Leonard produced The Story of Stuff film to try to engage people in these environmental and consumerism issues. The film attracted a much larger audience than Leonard expected, and she said it has been viewed in every country in the world.

“Just last week I met rag pickers from Bogota [Colombia] who are very poor and support themselves by collecting garbage on the streets,” Leonard said. “They were so excited to meet me, and they said they had used principles from The Story of Stuff when organizing other rag pickers in Bogota. It was amazing.”

In addition, Leonard identified three major issues with the current system.

“We are trashing the planet, we are trashing each other, and we are not even having fun while doing it,” Leonard said. “So why not look for a different way of doing things?”

In terms of trashing the planet, people are draining the world of its natural resources by using them to produce all the products humans consume.

“We have one planet, and we have to learn to stay within the limits of that one planet,” Leonard said. “We’re going to start undermining the systems that replenish the Earth. We cannot use more than the planet regenerates every single year.”
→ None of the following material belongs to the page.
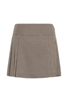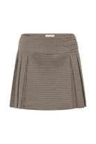 Angie Pleated Buckle Mini Skirt - Tan Check

In saying humans are trashing each other, Leonard explained that U.S. companies are regularly putting toxic chemicals in their products. Many of these chemicals are known to cause cancer, birth defects, and neurological diseases, yet they are being put into food, furniture, and clothes.
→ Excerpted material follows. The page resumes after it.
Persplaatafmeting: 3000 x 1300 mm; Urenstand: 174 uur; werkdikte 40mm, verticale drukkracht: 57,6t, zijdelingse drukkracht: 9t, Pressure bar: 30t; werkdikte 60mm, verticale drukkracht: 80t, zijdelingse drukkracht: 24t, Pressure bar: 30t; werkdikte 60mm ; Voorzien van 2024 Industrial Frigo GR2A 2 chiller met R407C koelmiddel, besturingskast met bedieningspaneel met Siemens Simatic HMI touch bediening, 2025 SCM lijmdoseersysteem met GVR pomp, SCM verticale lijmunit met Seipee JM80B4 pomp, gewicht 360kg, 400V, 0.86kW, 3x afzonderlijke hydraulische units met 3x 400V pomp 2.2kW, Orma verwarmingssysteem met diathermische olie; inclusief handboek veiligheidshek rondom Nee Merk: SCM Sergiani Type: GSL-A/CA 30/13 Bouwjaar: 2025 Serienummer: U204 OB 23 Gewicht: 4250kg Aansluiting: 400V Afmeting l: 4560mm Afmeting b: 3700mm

“We now all carry a load of toxic chemicals in our bodies,” Leonard said. “A study was recently done on the umbilical cord blood of newborn babies in the U.S., and it was found that, on average, the babies had 260 industrial and agricultural chemicals in their blood. Our babies are being born pre-polluted. Isn’t that too far?”
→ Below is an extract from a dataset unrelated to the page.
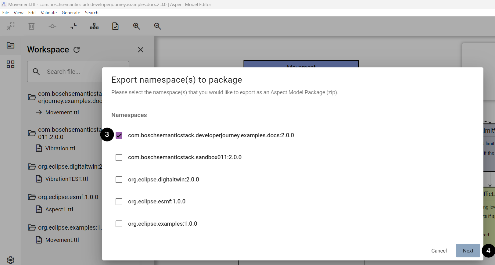 In your Aspect Model Editor, set up the workspace and create and validate your Aspect Models.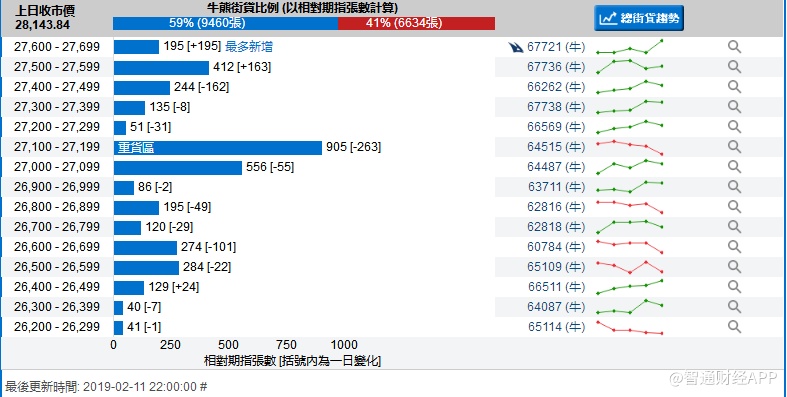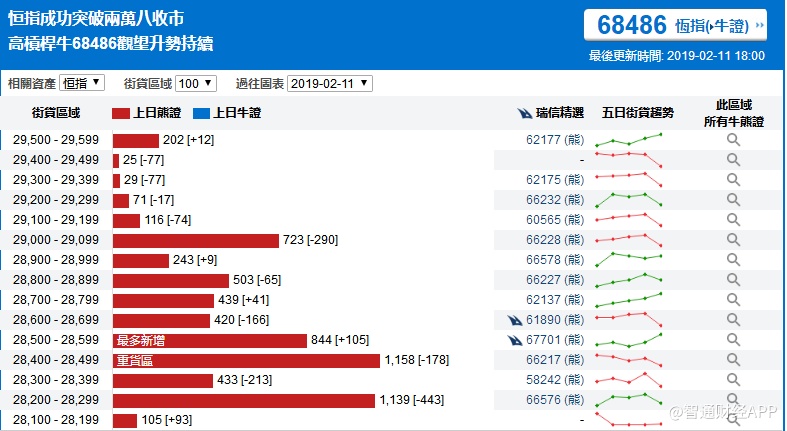 智通财经APP获悉,截至2月11日,恒指最新的牛熊街货比例59:41。从瑞信恒指牛熊证街货分布图中得到的数据显示,熊证街货重货区在28400-28499区间,该区间最新熊证数量为1158张,较上一交易日减少178张,最多新增区间为28500-28599,新增张数为105张。牛证街货重货区在27100-27199区间,该区间最新牛证数量为905张,比上一交易日减少263张,最多新增在27600-27699区间,新增张数195张。

Leonard argued we need to focus on the policy-makers and laws that limit chemical use by large companies because it is essentially impossible for individuals to protect themselves from the chemicals as they are so prevalent.

Leonard also explained that countless studies are showing happiness levels are declining, especially in the U.S., meaning people are not enjoying their excessive consumption.

“It turns out the things that most make us happy are not things,” Leonard said. “Once your basic needs are met, the things that most make us happy are the quality of our social relationships, leisure time with friends and family, having a sense of meaning and purpose in our life, and coming together with others to achieve a common goal.”

Leonard argued there is a spectrum in life, with one end representing people who have large amounts of stuff but little sense of community and the other end representing people with less stuff but a greater sense of community.

“It’s lonely at the low-community high-stuff end of the spectrum,” Leonard said. “So what if you have a new couch and flat screen television if you don’t have a bunch of friends to watch it with.”

Questions from the audience ranged from why proposed legislation in California that would have labeled genetically-modified foods was unable to pass to whether technological innovation can solve environmental problems.

Although Leonard said she is generally optimistic about the human ability to work to solve these problems, she is becoming worried that people are forgetting how to make expansive social change.

“People are thinking of individual lifestyle and consumer change — like riding a bicycle, and using reusable bags — but not systemic changes [to protect the environment],” Leonard said. “We have really infantilized and personalized our ability to respond to the enormous challenge we have.”

Leonard argued focusing only on minor, individual changes people can make on their own distracts from the harder but much more important conversations people need to have about the structural drivers to these environmental problems.

“We have every single thing we need to build a healthy, sustainable, fair, and fun society,” Leonard said. “We have technological innovation and policy models that we know will work, but the one thing we are missing is engaged citizens. It’s not a fact that most people don’t know or care about the environmental issues. We really can build a better future, but we need everyone to build that future together.”